──────── Given records

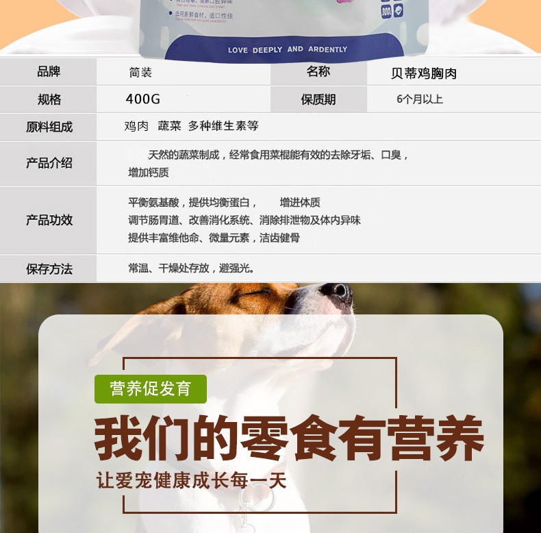 贝蒂狗狗宠物零食400g鸡肉切丝
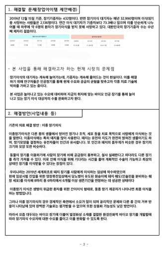 해결할 문제 (포인트) : 장기 이식을 받는 수요 대비 공급의 수가 너무 적음, 이식 거부 반응으로 인한 장기 이식의 문제
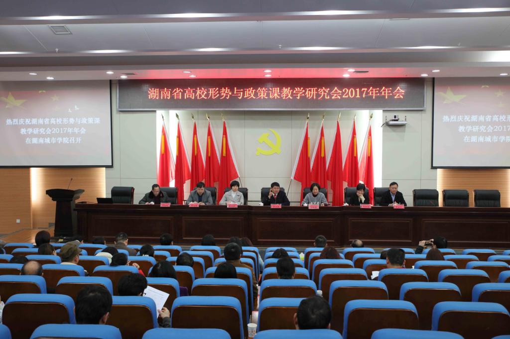 (本网讯) 12月23日上午,湖南省高校形势与政策课教学研究会2017年年会在beat365官网图书馆报告厅隆重举行。学校党委书记罗成翼、湖南省教育工委宣传部部长刘书华、湖南省高校思政课教研会秘书长冷舜安、时事报告杂志社湖南站站长马立雄出席开幕式并致辞。各会员单位的高校教师共90余人出席会议。本次年会由beat365官网马克思主义学院承办。
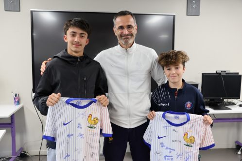 Il a profité de l’occasion pour remettre un maillot dédicacé de la sélection nationale à Roméo Castaneda Nunez et Malo Jourde (Limoges Football), sélectionnés pour participer au Concours Espoirs National Futsal l’an dernier.
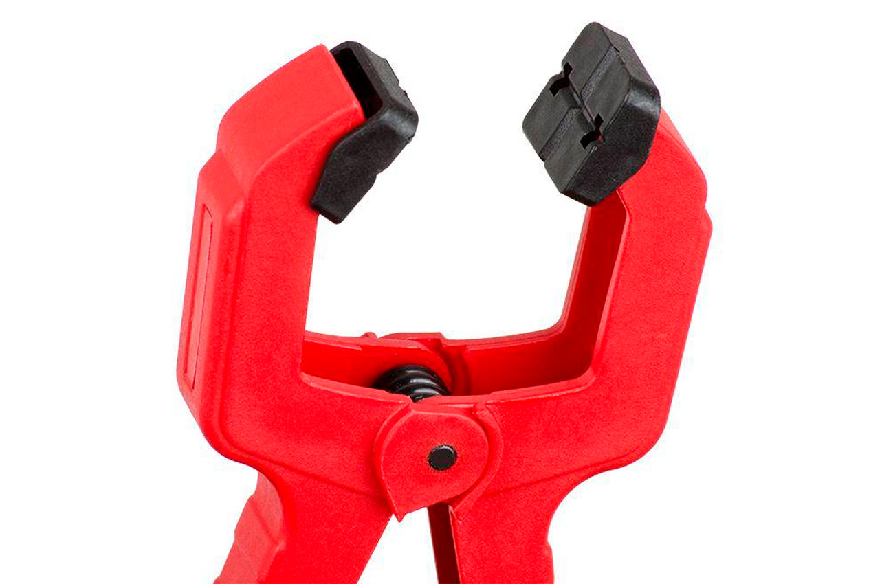 Легкий, компактный, эргономичный корпус выполнен из высокопрочного пластика. Прижимные губки также выполнени из пластика, что защитит поверхность зажимаемого изделия от повреждений и царапин. Максимальная ширина захвата: 35 мм; Усилие зажима: 4,6 кгс

────────────────

* What is required: Repeat the records in full and exactly, leaving every picture out.

* Reply:
 贝蒂狗狗宠物零食400g鸡肉切丝
 해결할 문제 (포인트) : 장기 이식을 받는 수요 대비 공급의 수가 너무 적음, 이식 거부 반응으로 인한 장기 이식의 문제
 (本网讯) 12月23日上午,湖南省高校形势与政策课教学研究会2017年年会在beat365官网图书馆报告厅隆重举行。学校党委书记罗成翼、湖南省教育工委宣传部部长刘书华、湖南省高校思政课教研会秘书长冷舜安、时事报告杂志社湖南站站长马立雄出席开幕式并致辞。各会员单位的高校教师共90余人出席会议。本次年会由beat365官网马克思主义学院承办。
 Il a profité de l’occasion pour remettre un maillot dédicacé de la sélection nationale à Roméo Castaneda Nunez et Malo Jourde (Limoges Football), sélectionnés pour participer au Concours Espoirs National Futsal l’an dernier.
 Легкий, компактный, эргономичный корпус выполнен из высокопрочного пластика. Прижимные губки также выполнени из пластика, что защитит поверхность зажимаемого изделия от повреждений и царапин. Максимальная ширина захвата: 35 мм; Усилие зажима: 4,6 кгс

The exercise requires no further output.